WHAT TO WORK ON:
Your output must be the lines below from the line containing "Botineta de cuero" to the line containing "De même que", both lines included, reproduced exactly and without pictures.

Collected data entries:
*****

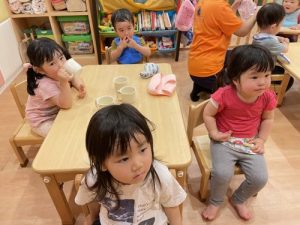 この日のお子様達は、公園でたっぷり遊んで汗を沢山かいたので水分補給をしながらお給食を待っています?
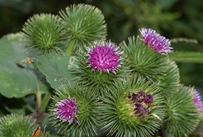Репейник, а, вернее говоря, лопух – двухлетнее растение с характерными крупными листьями и соцветиями с шиловидными заостренными наружными листочками. Большинство растений этого семейства относятся к лечебным, причем в дело идут и листья, и цветы, и семена, и корни. Настой корней в миндальном или оливковом, а иногда даже в подсолнечном и называют репейным маслом.
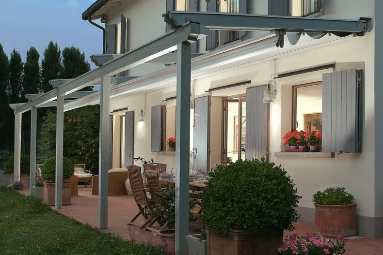 В постройке навесом частных домов тент практически не применяется, в основном он используется при создании временных навесов для проведения строительных или иных работ.
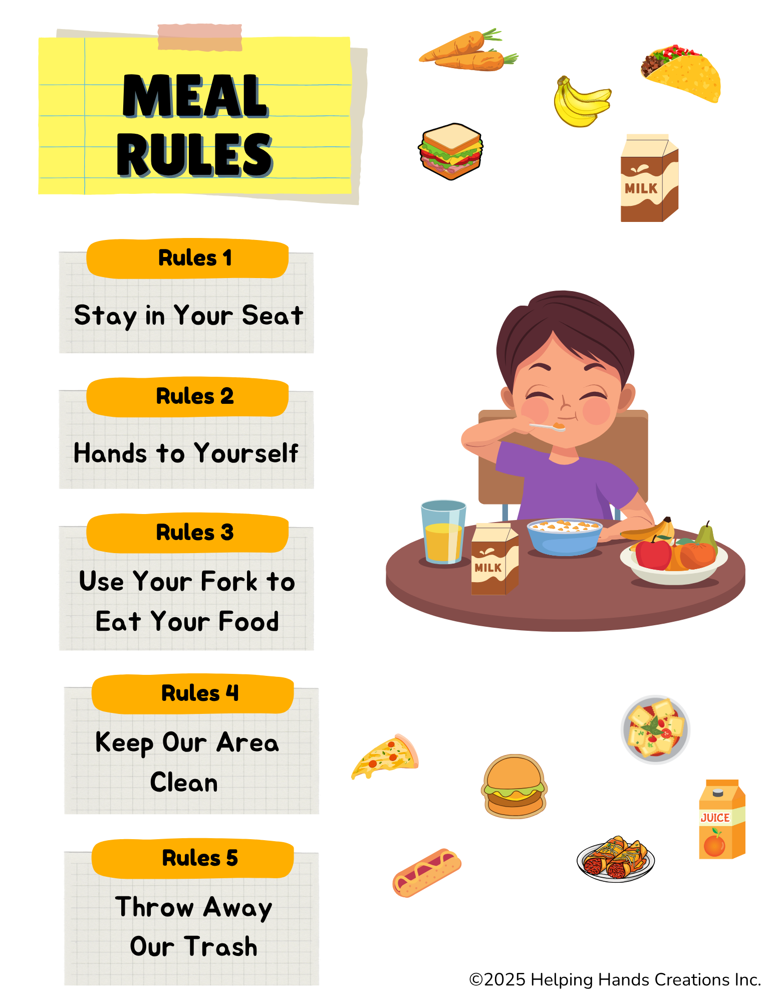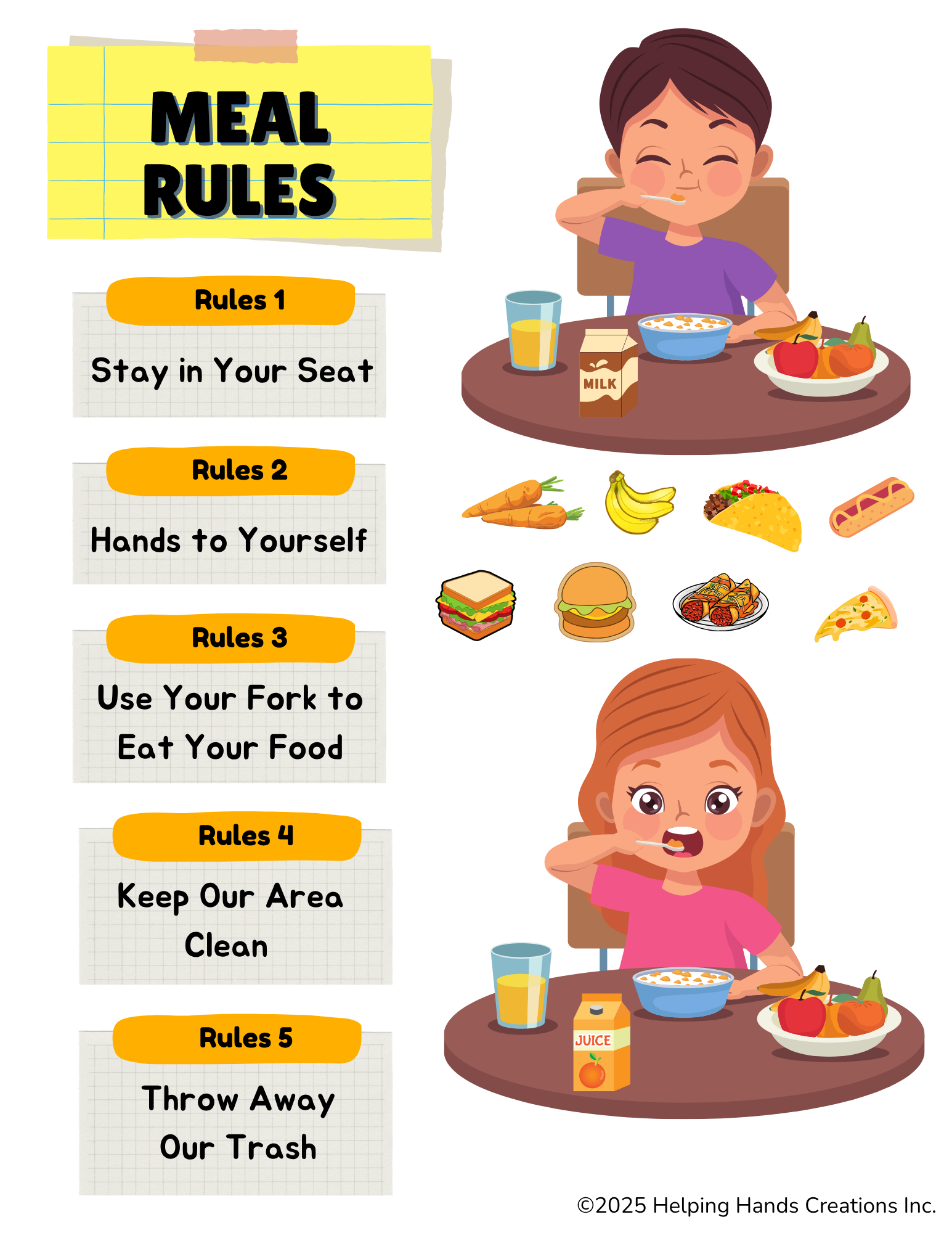 This focus board needs to be next to the student as they are eating. Redirect student as needed and have them repeat the rule that needs reminding.
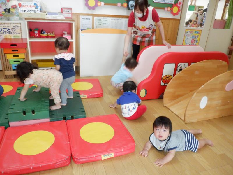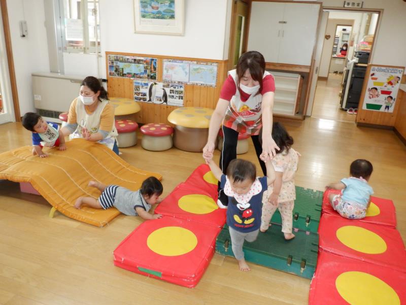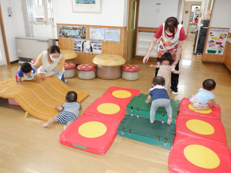 玄関ホールに、マットや滑り台、巧技台で作られた
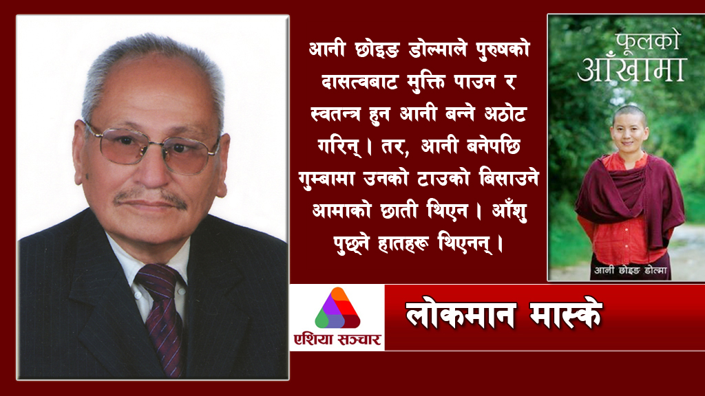 आनी छोइङ डोल्माको फूलको आँखामा नाम राखिएको जीवन कथा अठार परिच्छेद र उपपरिच्छेदहरू जोड्दा उन्नाइस परिच्छेदमा बाँडिएको छ। यो सबै परिच्छेदहरू ‘एक से एक’का छन्। कुनैमा त उनको सम्प्रेषण, शैली सारै मर्मस्पर्शी छन्। यस्तै लाग्छ, हामीसँगै बसेर उनीले जीवन कथा भनि रहेकी छिन्। उनले भनिरहेका कुराहरू सजीव लाग्छन्। उनको जीवन कथा खोलाको पानी बगेझैं सलल बगेको छ। नेपाली दाजुभाई दिदीबहिनीका लागि फूलको आँखामा फूलको संसार गतिलो कोशेली दिएकी छिन्। उनले बाबुको कुटाई र गुरुको कृपाले ‘आनी’ बनाइदिएको स्वीकार गर्छिन्। त्यस्तो नभई दिएको भए अन्य धेरै भोटिया महिला जस्तै आत्मसमर्पण गरेकी सानी जस्तै प्रत्येक दिन, बिहान भात पकाउनमा, लुगा धुनमा र रात लोग्नेलाई सन्तुष्ट पार्नमा बित्ने गर्छ। यो भोटिया महिलाको मात्र होइन आधिकांश घर गृहणीको जिउँदोजल्दो तस्वीर हो। तर, उस्को संकल्प र हठताले पुरुष कामनालाई पखेटा लाग्ने बाटो देखाइदिनाले कुनै पसलेकी पत्नी बन्नबाट रोकी आनी बनिन्छ। र, उनीमा प्रेम र कुरुपको हतियारले युद्धरत रहेकी छिन्।
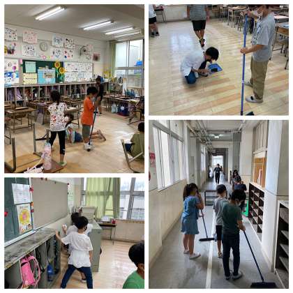 1学期にお世話になった校舎を大掃除できれいにする姿も見られました。
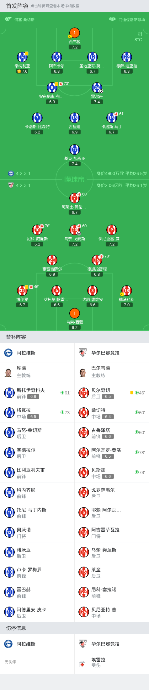 阿拉维斯1-1毕尔巴鄂竞技,乌奈-戈麦斯破门,维维安绝杀被吹
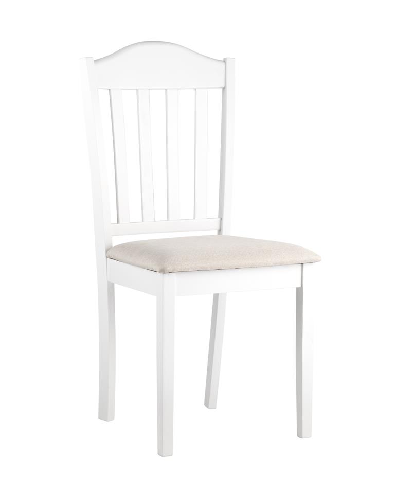 Стул с мягким сиденьем, обивка выполнена из рогожки. Белый каркас - массив гевеи.ХарактеристикиКаркас: массив гевеиВысота сиденья: 490 мм. Ширина: 430 мм. Глубина: 450 м..
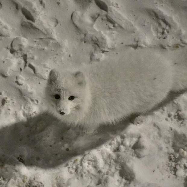 Бесстрашный песец выбежал на дорогу к грузовику и долго сопровождал его в свете фар
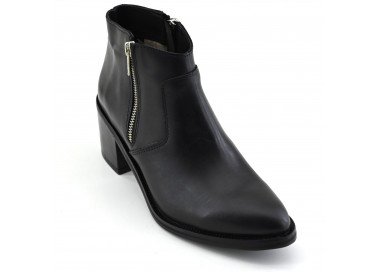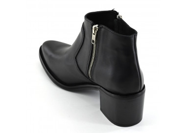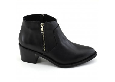 Botineta de cuero de caña baja con doble cierre. Base sintética con taco foliado.
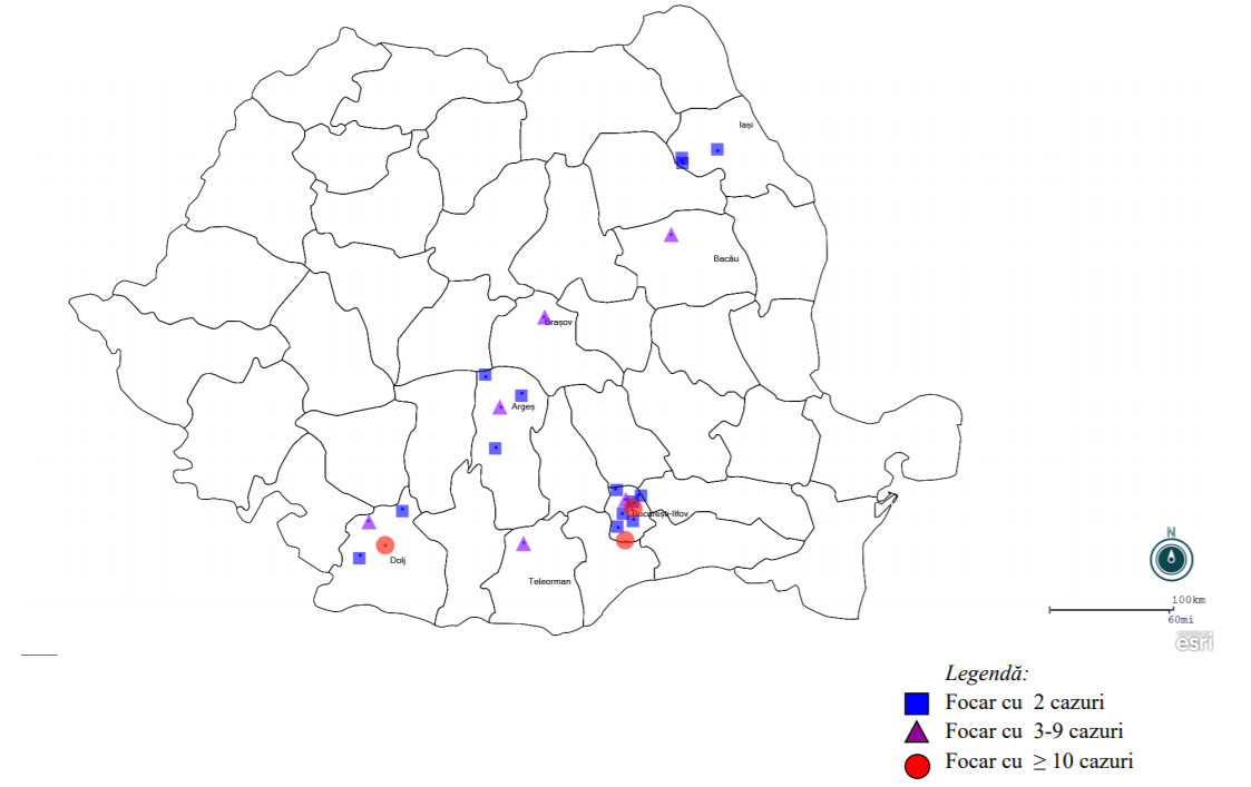 -54% (55 cazuri) se află în 23 focare, dintre care 17 familiale (27 cazuri) și 6 de colectivitate (28 cazuri), din 7 județe: Argeș (4), Bacău (1), Brașov (1), Dolj (4), Ilfov (4), Iași (3), Teleorman (1) și mun.București (5);
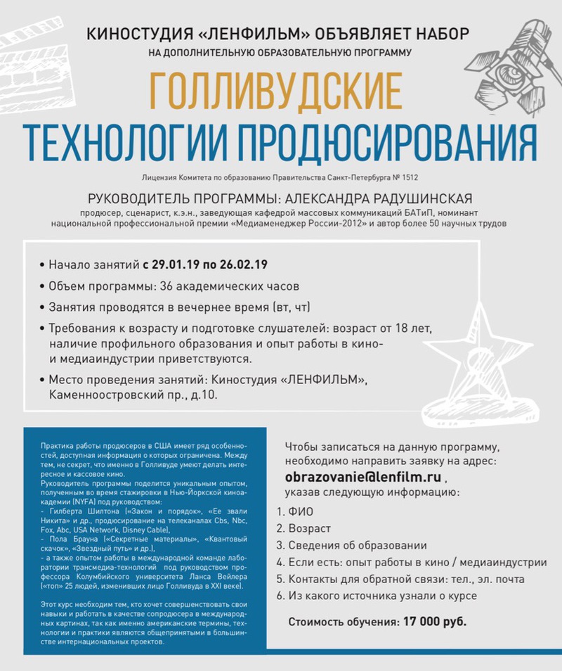 Набор объявлен в рамках деятельности Учебного Центра, созданного на базе киностудии «Ленфильм».
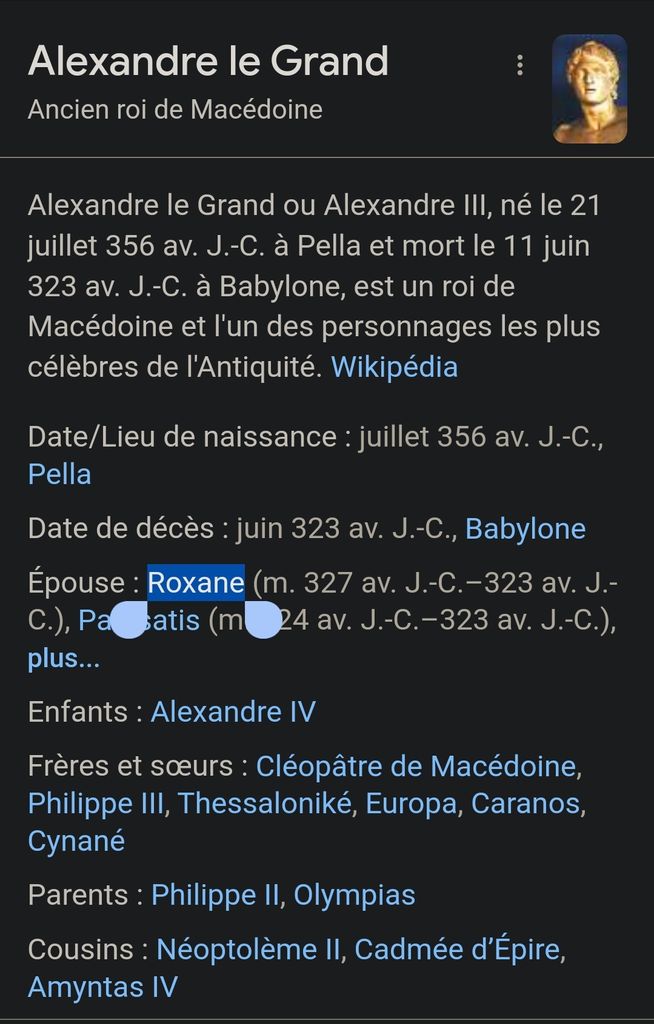De même que la première fille que j'ai embrassé s'appelait Roxane comme la première épouse de Alexandre le Grand.
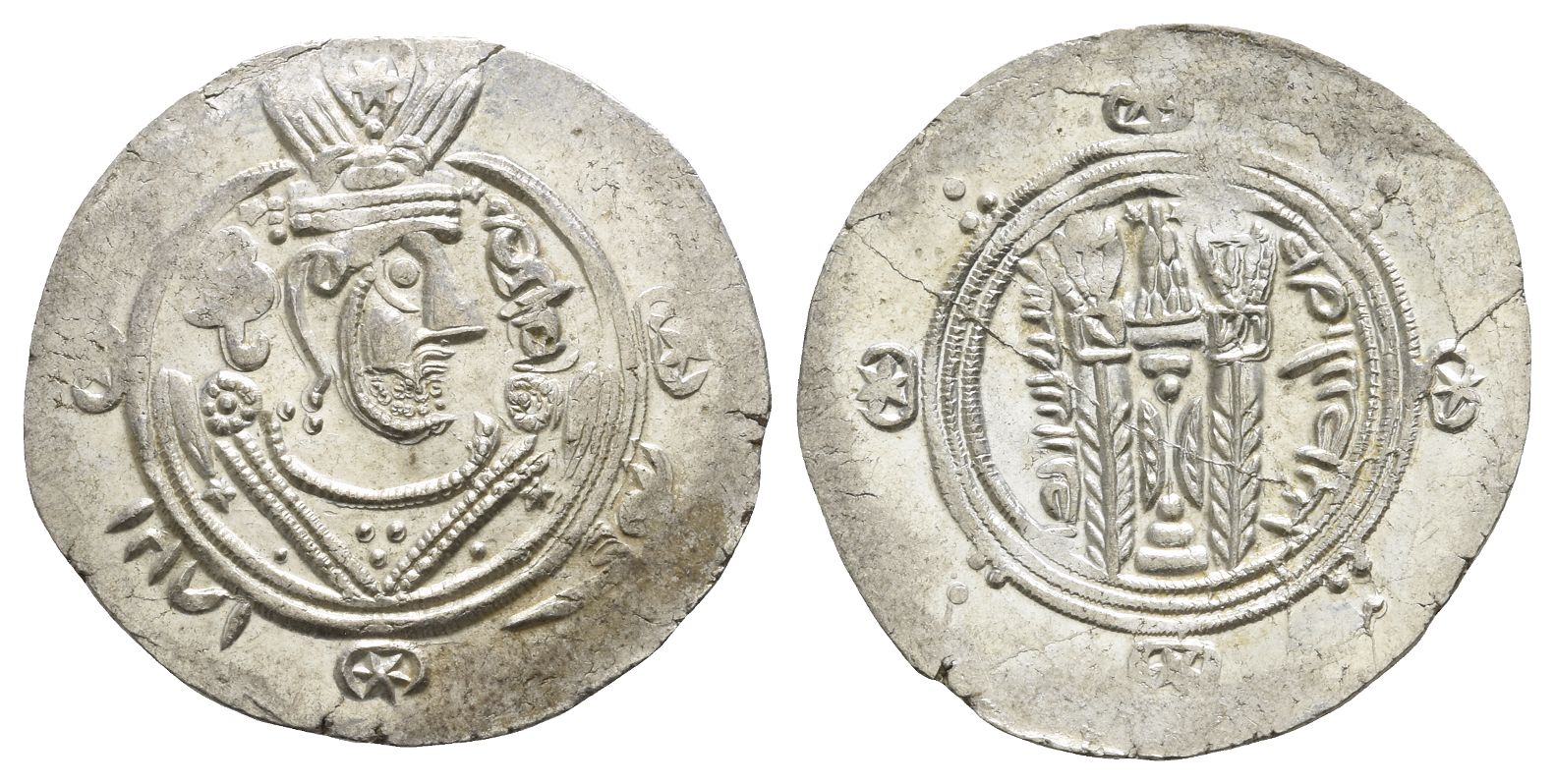 Stylised crowned Sasanian style bust to right; 'GDE ʾpzwt (may his glory increase) in Pahlavi to right and left; in outer margin, star-in-crescents, 'pd (excellent) in Pahlavi to lower right, nwk' (good) in Pahlavi to lower left / Fire altar flanked by attendants; stars flanking flames, date to left, mint to right; alternating triple pellets and star-in-crescents in outer margin. Malek 174.1-8; Album 73; ICV -. 2.10gr, 24mm, 1h.
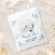 This cute and whimsical watercolor birthday favor bag features a watercolor winter wonderland scene with adorable arctic animals, such as a polar bear, penguin, cat, whale, seal and a moose. In the background are snow capped mountains, ice caps and trees. The text combines handwritten script and sans serif fonts for a stylish and modern look. Falling snowflakes and beautiful blue floral arrangements give a winter feel. This is perfect for winter and Christmas birthday parties.

*****

YOUR SOLUTION:
 Botineta de cuero de caña baja con doble cierre. Base sintética con taco foliado.
 -54% (55 cazuri) se află în 23 focare, dintre care 17 familiale (27 cazuri) și 6 de colectivitate (28 cazuri), din 7 județe: Argeș (4), Bacău (1), Brașov (1), Dolj (4), Ilfov (4), Iași (3), Teleorman (1) și mun.București (5);
 Набор объявлен в рамках деятельности Учебного Центра, созданного на базе киностудии «Ленфильм».
De même que la première fille que j'ai embrassé s'appelait Roxane comme la première épouse de Alexandre le Grand.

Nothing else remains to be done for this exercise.